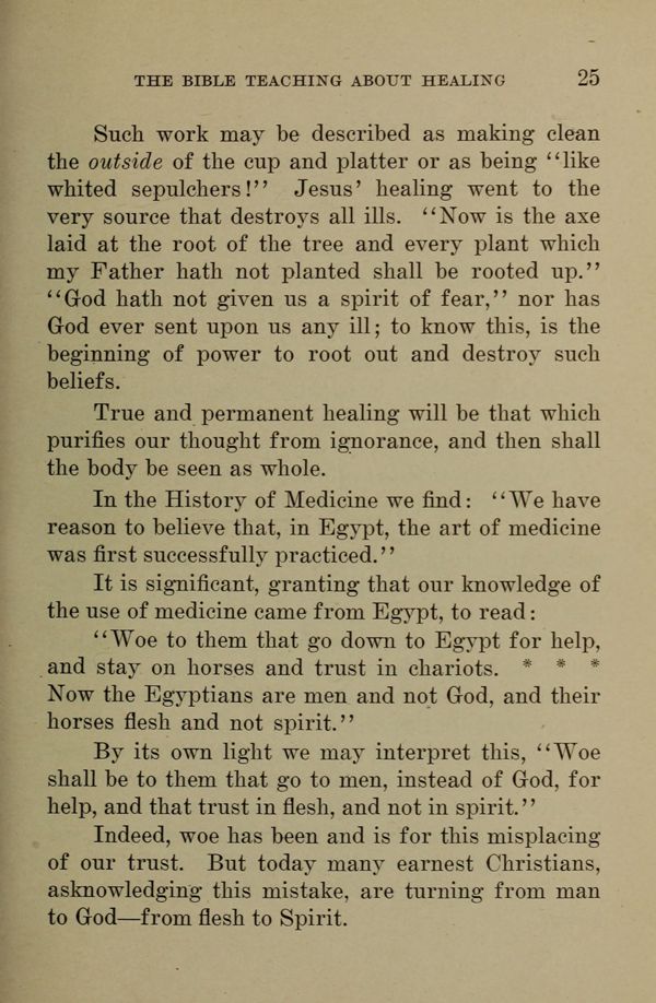 Such work may be described as making clean the outside of the cup and platter or as being "like whited sepulchers!" Jesus' healing went to the very source that destroys all ills. "Now is the axe laid at the root of the tree and every plant which my Father hath not planted shall be rooted up." "God hath not given us a spirit of fear," nor has God ever sent upon us any ill, to know this, is the beginning of power to root out and destroy such beliefs.
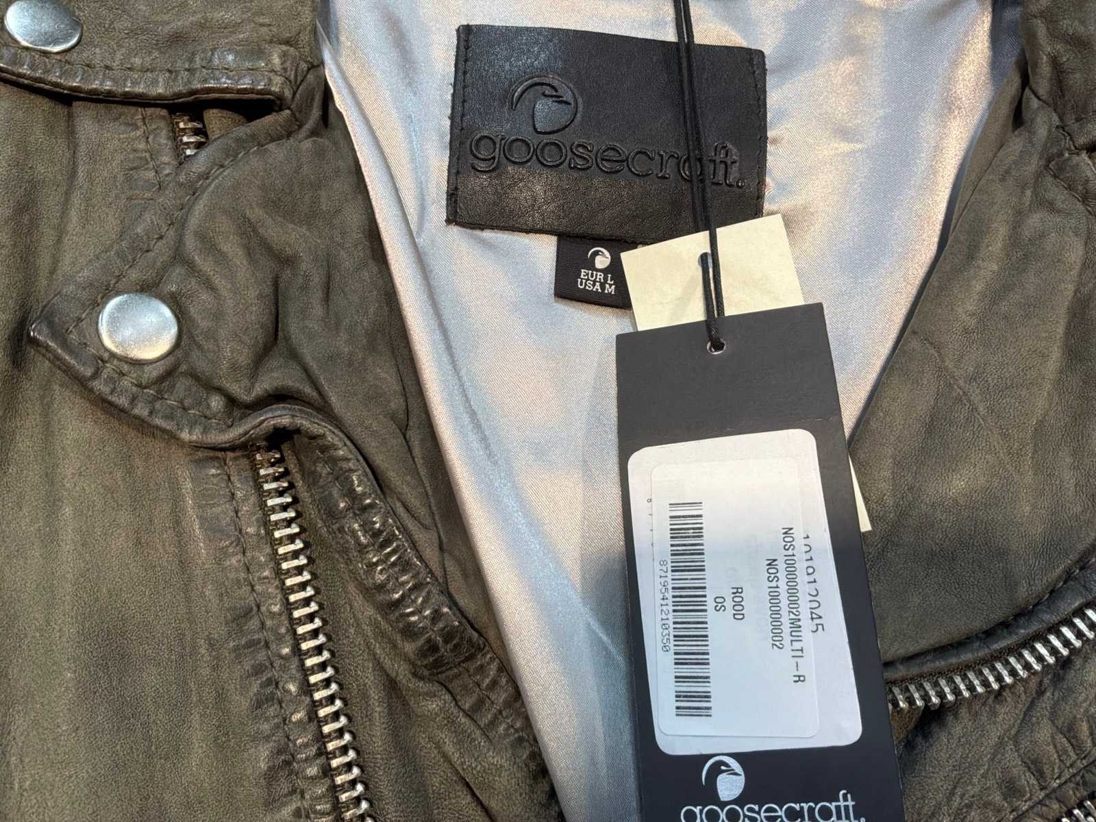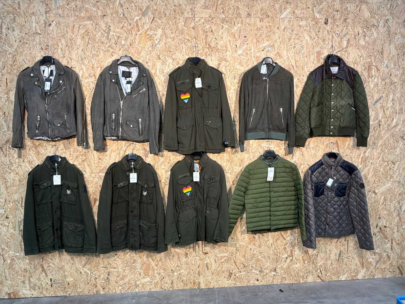 Diverse heren/dames leren jassen in verschillende modellen, kleuren en maten. Inclusief kledinghangers. Mochten erop de items beveiligingstags zitten worden deze nog verwijderd voor de uitleverdag. Merk: Goose-craft
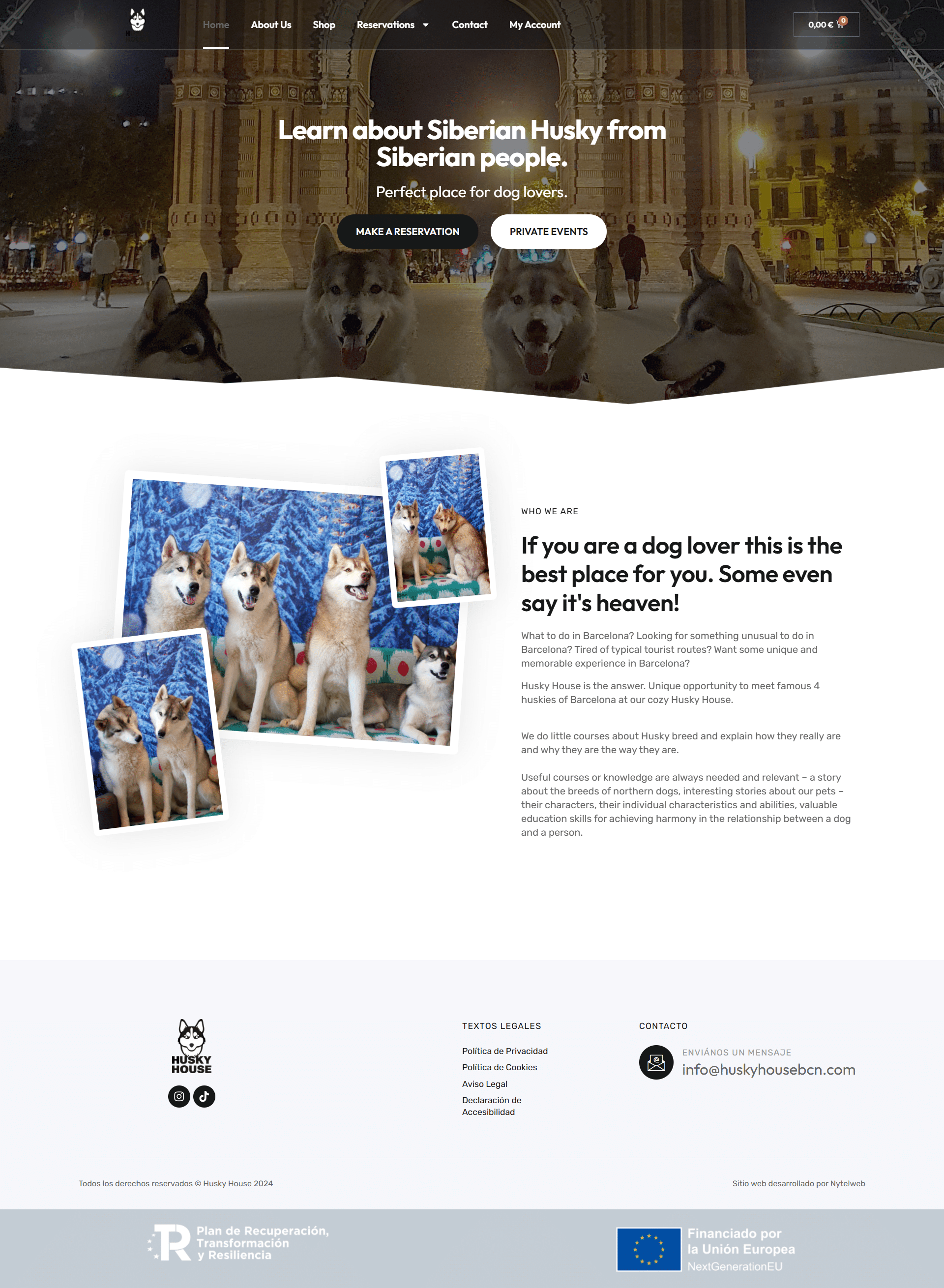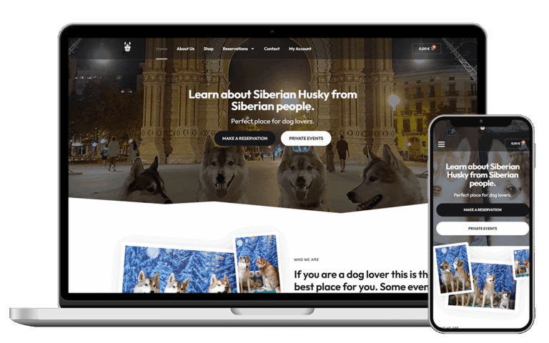 Husky House es el primer café para perros de Barcelona, creado en 2019 para acercar a las personas a los huskies siberianos y enseñar cómo cuidarlos mientras disfrutan de su compañía.
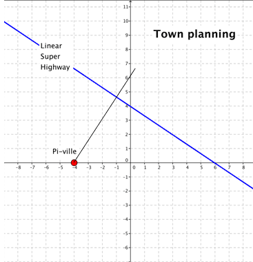ok so I am guessing that i have to draw a line from Pi-ville to the linear super highway. Then determine the slope and y-intercept of that line to develop an equation that represent the best route for the road.
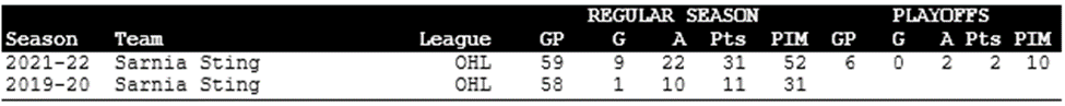 October 1, 2022 – OHL 2-1 overtime road win at Windsor. One of three Sting players wearing alternate captain “A.” Had one assist and one SOG.
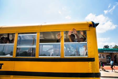 A school bus full of children gesture and chant "hands up, don't shoot" as they drive past the scene of where, according to local media, police shot dead a 23-year-old man wielding a knife in the St Louis area August 19, 2014. The shooting follows a night where dozens of people had been arrested, marking the latest outbreak of rancor in the St. Louis suburb where calls for peaceful protests have been overshadowed by episodes of looting, arson and clashes with police over the last 10 days. REUTERS/Lucas Jackson (UNITED STATES - Tags: CIVIL UNREST CRIME LAW EDUCATION)
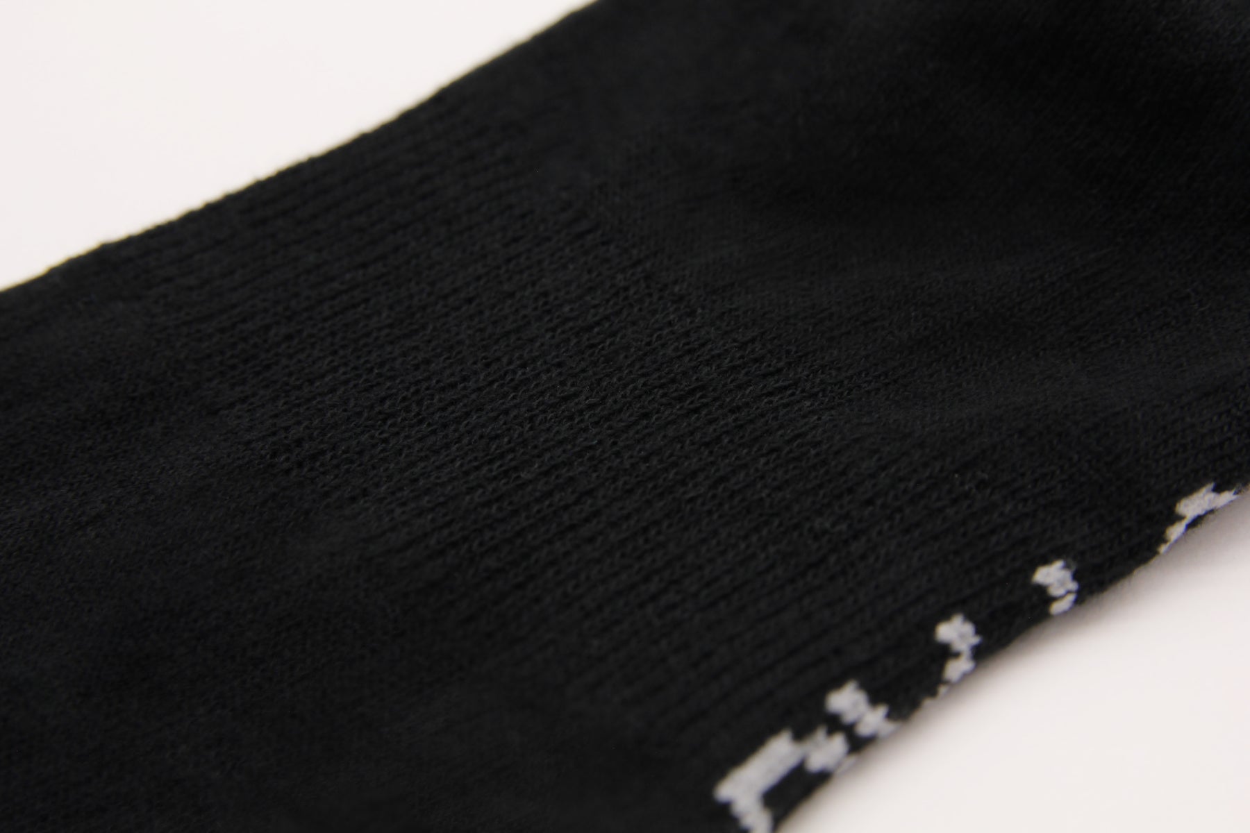 Close-up of the arch support in the plain black ribbed crew socks

·····

> **Aim of the task**:
Nothing but the lines from the line containing "A school bus" through the last line of the material may be output, and they must be copied exactly, without pictures.

> **Reply**:
 A school bus full of children gesture and chant "hands up, don't shoot" as they drive past the scene of where, according to local media, police shot dead a 23-year-old man wielding a knife in the St Louis area August 19, 2014. The shooting follows a night where dozens of people had been arrested, marking the latest outbreak of rancor in the St. Louis suburb where calls for peaceful protests have been overshadowed by episodes of looting, arson and clashes with police over the last 10 days. REUTERS/Lucas Jackson (UNITED STATES - Tags: CIVIL UNREST CRIME LAW EDUCATION)
 Close-up of the arch support in the plain black ribbed crew socks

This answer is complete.